Apologie pour l'histoire continue ou les carnets d'un médiéviste
Maintenant, je n’ai plus peur des anthropologues. Pas déçu du séjour. Le discours des anthropologues est saisissant par sa multiplicité. Je pensais que seuls les historiens pouvaient entrer dans des discussions quodlibétiques pour décortiquer les comportements des hommes du passé ; les anthropologues et les sociologues font mieux. Ils se crêpent le chignon avec une ardeur et une foi qui laissent rêveur. L’objet premier de la table ronde était « le don », tel que vu par Marcel Mauss dans sa célèbre étude. Pour rappel, Mauss avait dégagé les modalités de comportement de certaines sociétés relatives au « don » en les associant à des contre-dons, des dons en retour, quasi systématiques dans certaines conditions. Jusque là, rien que de simple, même si je schématise à outrance.
Il se trouve que cette grande théorie de Mauss sous-tend un pan entier de la réflexion sociologique et anthropologique. Et que, dans les grandes lignes comme dans le détail, les chercheurs en sciences de l’homme se précisent, se contredisent voire s’opposent violemment sur cette théorie. Entre les « héritiers » politiques qui se réclament du maître en construisant une grande théorie sociologique sur cette théorie du don-contre don, se définissant négativement les uns par rapport aux autres, et les anthropologues post-structuralistes qui tentent d’analyser les concepts, se déclinent des tas de formes de don-contre don, plus ou moins évoluées, chacune adaptées par les chercheurs à leur objet de travail. Je retiens l’approche d’Alain Testart, qui décompose les transactions humaines en trois axes :
L’axe de l’échange, avec deux transferts de biens réciproques qui sont obligatoires (achat d’un bien au magasin). L’axe du don, avec deux transferts de biens réciproques mais non exigibles et non obligatoires (le vrai don et le vrai contre-don). L’axe du troisième type, avec un transfert de biens unique et obligatoire, sans contre partie effective aucune (les impôts par exemple). Un bel instrument d’analyse qui permet de nourrir la réflexion sur le don ou l’échange.
On l’a compris : par delà les oppositions stériles, j’ai maintenant appréhendé l’anthropologie, qui me semble, assez paradoxalement, beaucoup moins obscure. L’historien peut user de l’anthropologie comme d’un instrument d’analyse et de l’ethnographie comme d’un moyen de comparaison. Il faut éviter de demander aux anthropologues de faire de l’histoire et « juste » utiliser leurs conclusions comme des points de départ, des bases de travail plutôt que des fûts de colonne, des contreforts ou des murs de cathédrale. Les théories des anthropologues servent à faire du mortier, à tailler des pierres ou à colorer des murs. Cette révélation valait le détour.

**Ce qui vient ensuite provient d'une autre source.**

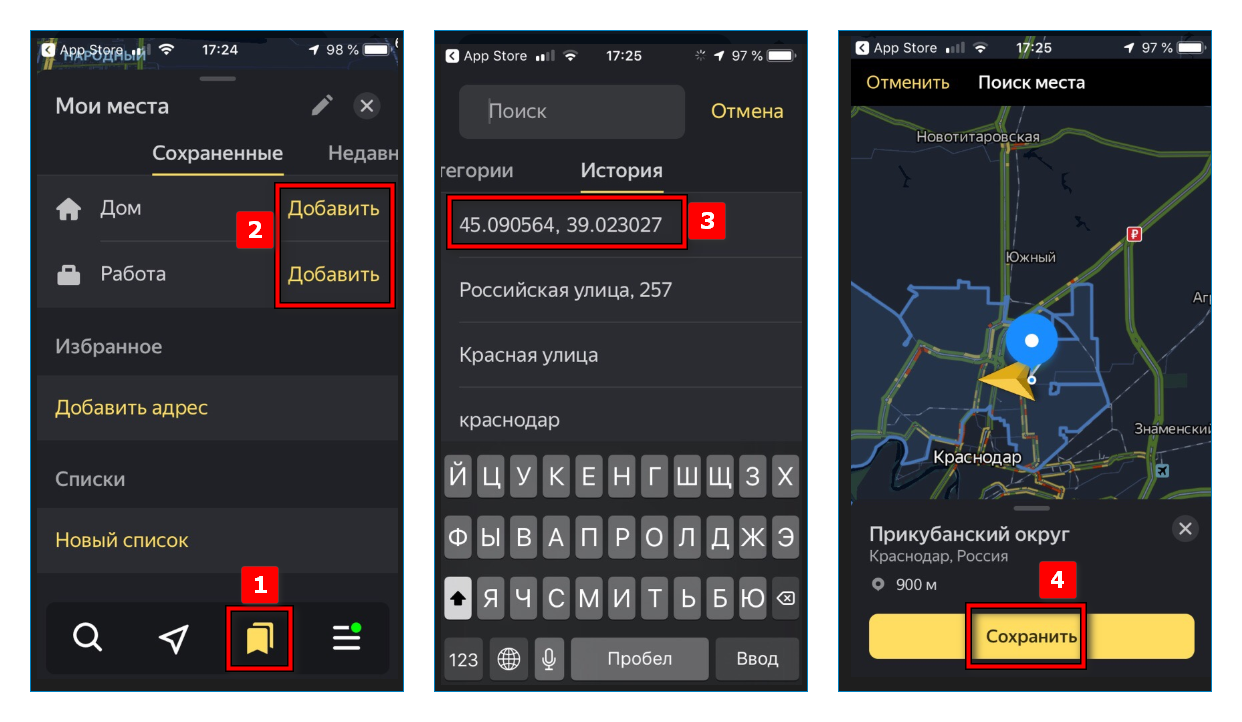 Сейчас попробую показать процесс на примере сохранения точки для смартфона и приложения яндекс-навигатора

Je suis dubitatif sur ce que tu dis. Enfin surtout cette phrase :
Je ne connais pas l'anthropologie. Cependant utiliser les conclusions d'une discipline pour appuyer ses théories me semble douteux. D'abord, dans le cadre d'une collaboration entre un anthropologue et un historien, cela orienterait dangereusement le fruit des recherches. Ensuite, il est important de comprendre comment l'anthropologue est arrivé à cette conclusion (est-ce qu'il ne s'appuie pas par exemple sur un historien que l'on trouve dépassé ?). Il est important de savoir critiquer le travail des anthropologues et ne pas, en effet, « juste » utiliser leurs conclusions.
Si je me permets de dire ce genre de choses, c'est par mon contact avec l'archéologie et les archéologues (qui curieusement s'accompagnait souvent de rillettes et de vin). Les historiens ont eu une méchante tendance à reprendre les conclusions des archéologues sans les critiquer, à vouloir que l'archéologie serve l'histoire (qu'elle soit orientée de manière à prouver ce qui se trouvent dans les textes).
Cela n'est bon, ni pour l'histoire, ni pour l'archéologie. Les historiens peuvent se retrouver à ne pas comprendre les archéologues, parce qu'il n'a pas été capable de comprendre et critiquer leur travail. Les archéologues peuvent se retrouver à fantasmer leur fouille (j'ai l'exemple d'un chantier, où le respectable professeur avait lu dans un texte du XIe qu'il y avait des vignes dans l'abbaye que l'on fouillait. Il cherchait à interpréter toutes petites bizarreries du sol comme le signe de la présence de vigne).
Bref, je connais beaucoup moins bien les rapports entre historiens et anthropologues (outre que l'on m'a dit que les historiens ne les lisaient plus après les années 60'). Si une collaboration peut être un apport intéressant à la recherche en histoire, je pense cependant qu'il ne faudra pas s'en contenter pour tapisser de papier peint les murs de sa démonstrations.